RECORDS PROVIDED:
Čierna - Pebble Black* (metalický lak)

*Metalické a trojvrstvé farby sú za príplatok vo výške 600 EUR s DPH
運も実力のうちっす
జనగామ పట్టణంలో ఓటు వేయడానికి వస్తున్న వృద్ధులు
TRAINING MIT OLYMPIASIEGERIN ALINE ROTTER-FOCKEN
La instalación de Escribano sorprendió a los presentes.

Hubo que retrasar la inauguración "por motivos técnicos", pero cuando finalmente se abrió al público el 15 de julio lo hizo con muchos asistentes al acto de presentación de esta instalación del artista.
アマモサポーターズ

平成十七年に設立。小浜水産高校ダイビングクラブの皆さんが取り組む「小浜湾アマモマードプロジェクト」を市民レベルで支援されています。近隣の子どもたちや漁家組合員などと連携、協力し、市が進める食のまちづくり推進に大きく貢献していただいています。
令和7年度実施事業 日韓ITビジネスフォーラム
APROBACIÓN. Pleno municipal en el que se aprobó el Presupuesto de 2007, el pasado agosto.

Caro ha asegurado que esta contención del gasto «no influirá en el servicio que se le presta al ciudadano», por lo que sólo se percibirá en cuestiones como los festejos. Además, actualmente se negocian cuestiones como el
--
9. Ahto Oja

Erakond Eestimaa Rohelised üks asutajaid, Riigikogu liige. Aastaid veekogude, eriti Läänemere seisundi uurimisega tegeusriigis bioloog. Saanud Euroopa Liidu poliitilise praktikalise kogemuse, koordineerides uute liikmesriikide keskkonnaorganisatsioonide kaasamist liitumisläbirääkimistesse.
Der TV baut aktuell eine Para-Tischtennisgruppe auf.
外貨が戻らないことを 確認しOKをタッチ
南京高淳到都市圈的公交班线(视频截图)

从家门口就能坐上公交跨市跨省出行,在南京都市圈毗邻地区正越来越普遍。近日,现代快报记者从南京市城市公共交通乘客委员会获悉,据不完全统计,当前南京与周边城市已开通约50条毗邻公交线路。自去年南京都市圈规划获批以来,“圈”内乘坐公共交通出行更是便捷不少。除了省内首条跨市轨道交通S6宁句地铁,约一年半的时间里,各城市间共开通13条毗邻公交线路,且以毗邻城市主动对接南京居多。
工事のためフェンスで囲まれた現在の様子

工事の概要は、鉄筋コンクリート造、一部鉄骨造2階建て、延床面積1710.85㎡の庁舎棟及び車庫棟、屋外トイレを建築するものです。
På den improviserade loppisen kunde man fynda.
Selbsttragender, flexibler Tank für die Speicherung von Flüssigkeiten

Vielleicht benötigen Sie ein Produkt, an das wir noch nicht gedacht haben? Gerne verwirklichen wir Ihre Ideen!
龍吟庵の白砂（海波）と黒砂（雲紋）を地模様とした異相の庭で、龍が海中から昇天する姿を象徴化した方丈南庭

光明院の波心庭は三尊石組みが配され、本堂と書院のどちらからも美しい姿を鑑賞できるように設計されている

TASK STATEMENT:
Exactly the lines above from the one with "La instalación de" to the one with "Caro ha asegurado", both included, are to be quoted; leave the rest out.

EXERCISE SOLUTION:
La instalación de Escribano sorprendió a los presentes.

Hubo que retrasar la inauguración "por motivos técnicos", pero cuando finalmente se abrió al público el 15 de julio lo hizo con muchos asistentes al acto de presentación de esta instalación del artista.
アマモサポーターズ

平成十七年に設立。小浜水産高校ダイビングクラブの皆さんが取り組む「小浜湾アマモマードプロジェクト」を市民レベルで支援されています。近隣の子どもたちや漁家組合員などと連携、協力し、市が進める食のまちづくり推進に大きく貢献していただいています。
令和7年度実施事業 日韓ITビジネスフォーラム
APROBACIÓN. Pleno municipal en el que se aprobó el Presupuesto de 2007, el pasado agosto.

Caro ha asegurado que esta contención del gasto «no influirá en el servicio que se le presta al ciudadano», por lo que sólo se percibirá en cuestiones como los festejos. Además, actualmente se negocian cuestiones como el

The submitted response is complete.